_Supplied data_
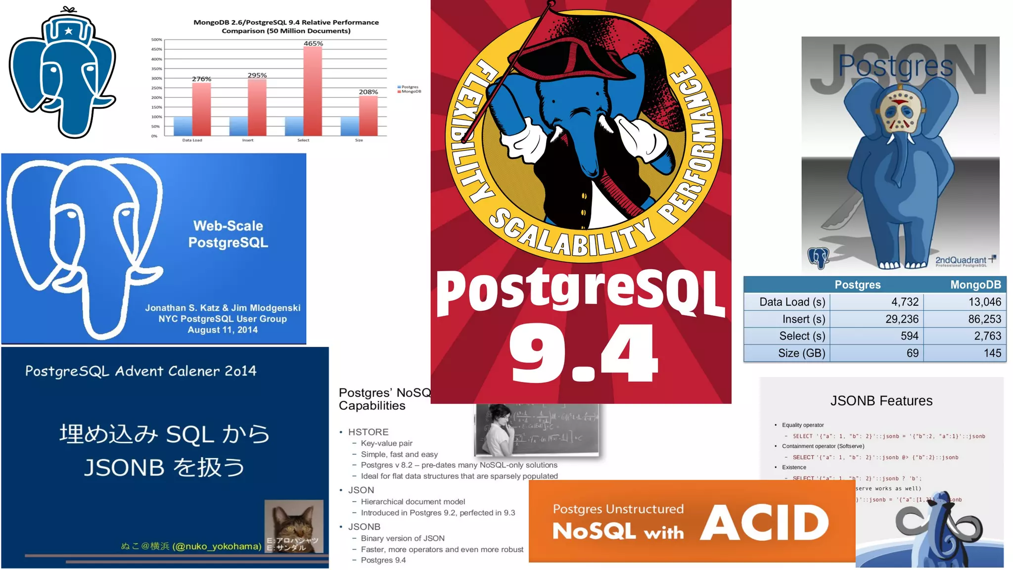 - Performance comparisons showing JsQuery outperforms the @> operator for complex queries, and is more readable than alternatives using jsonb_array_elements and subqueries.
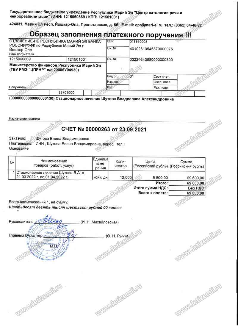 Оплачено лечение стоимостью 69600 рублей
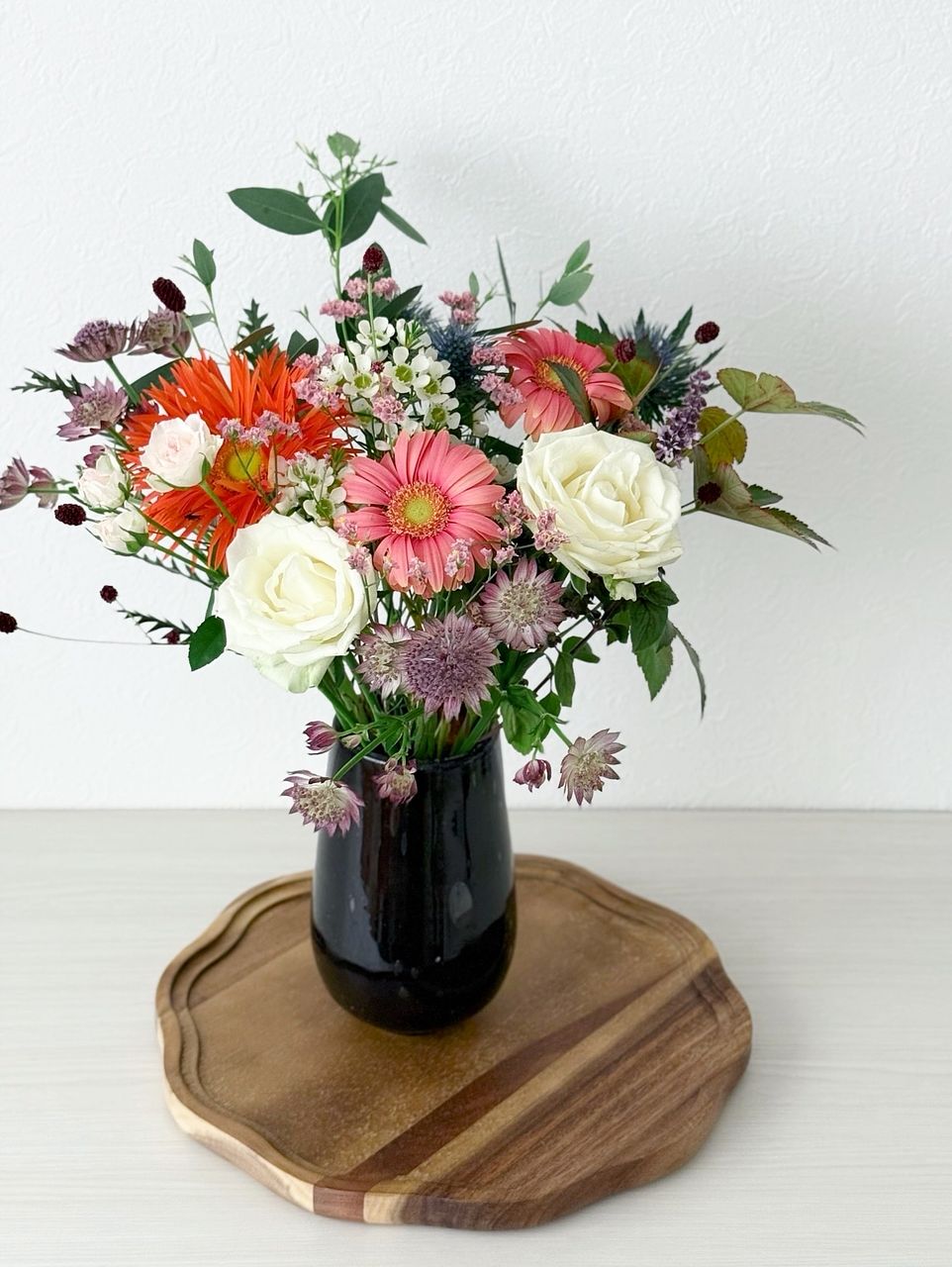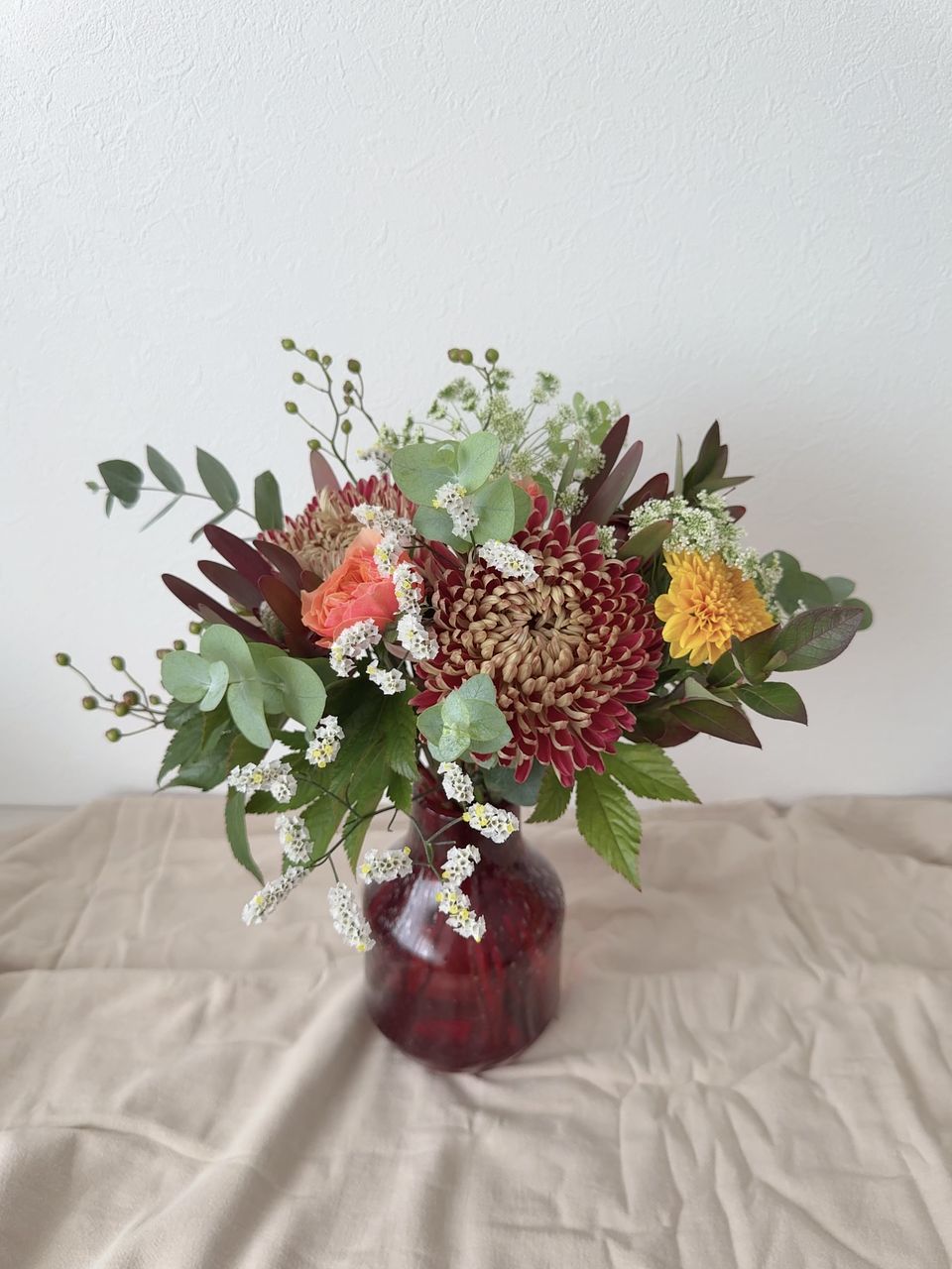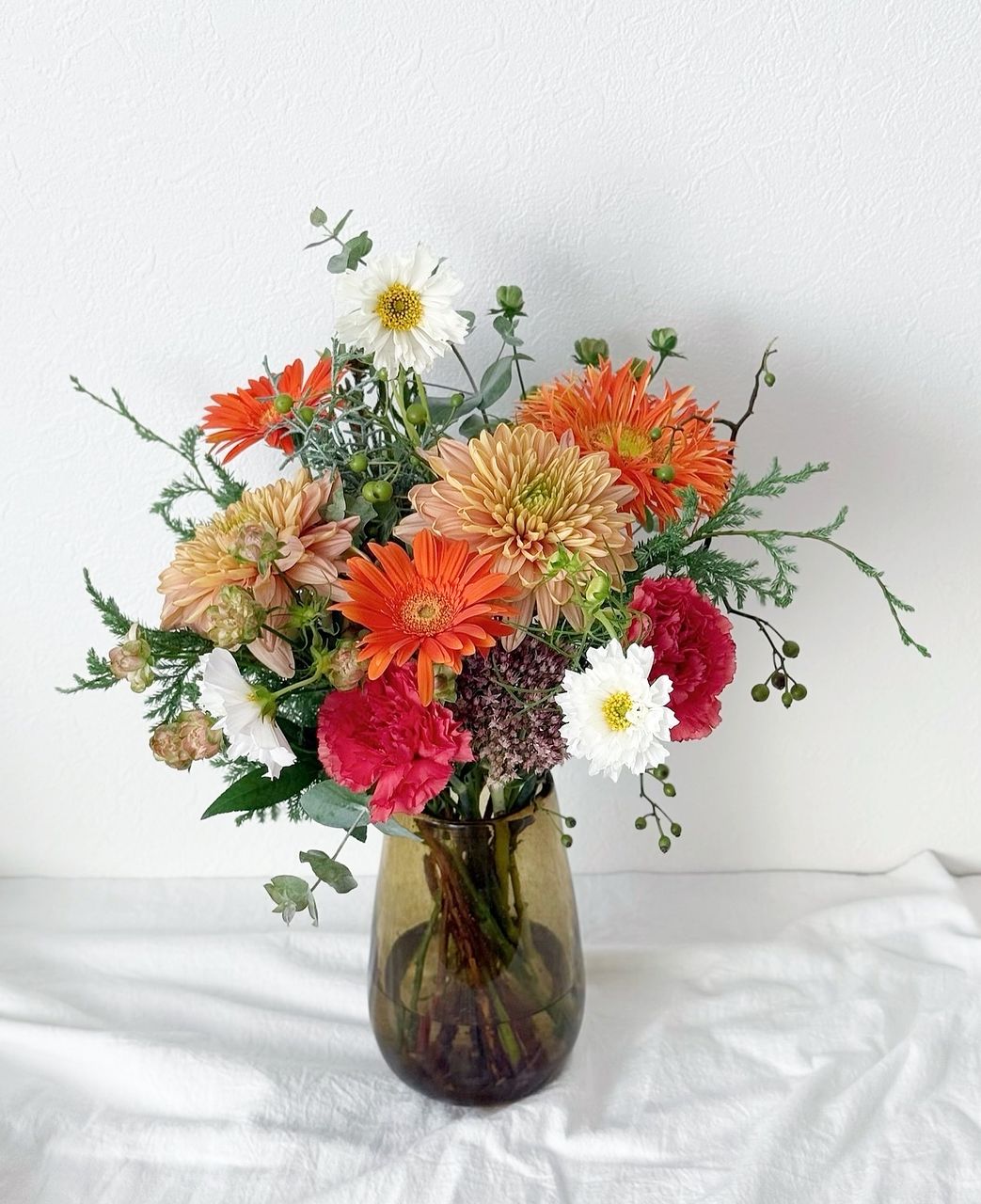 秋らしいアレンジでとても可愛い❣️そのまま花瓶へと書いてありましたが長旅なので下から3センチくらいカットして2時間くらい水揚げしました。 すこししたら麻紐解いて寄せ変えして楽しみます 素敵なお花ありがとうございました またインスタライブ楽しみにしてます。ほんとに争奪戦でし た(笑)

_Task to complete_
Restate all of the material above word for word. Pictures do not belong in it.

_Completed exercise_
 - Performance comparisons showing JsQuery outperforms the @> operator for complex queries, and is more readable than alternatives using jsonb_array_elements and subqueries.
 Оплачено лечение стоимостью 69600 рублей
 秋らしいアレンジでとても可愛い❣️そのまま花瓶へと書いてありましたが長旅なので下から3センチくらいカットして2時間くらい水揚げしました。 すこししたら麻紐解いて寄せ変えして楽しみます 素敵なお花ありがとうございました またインスタライブ楽しみにしてます。ほんとに争奪戦でし た(笑)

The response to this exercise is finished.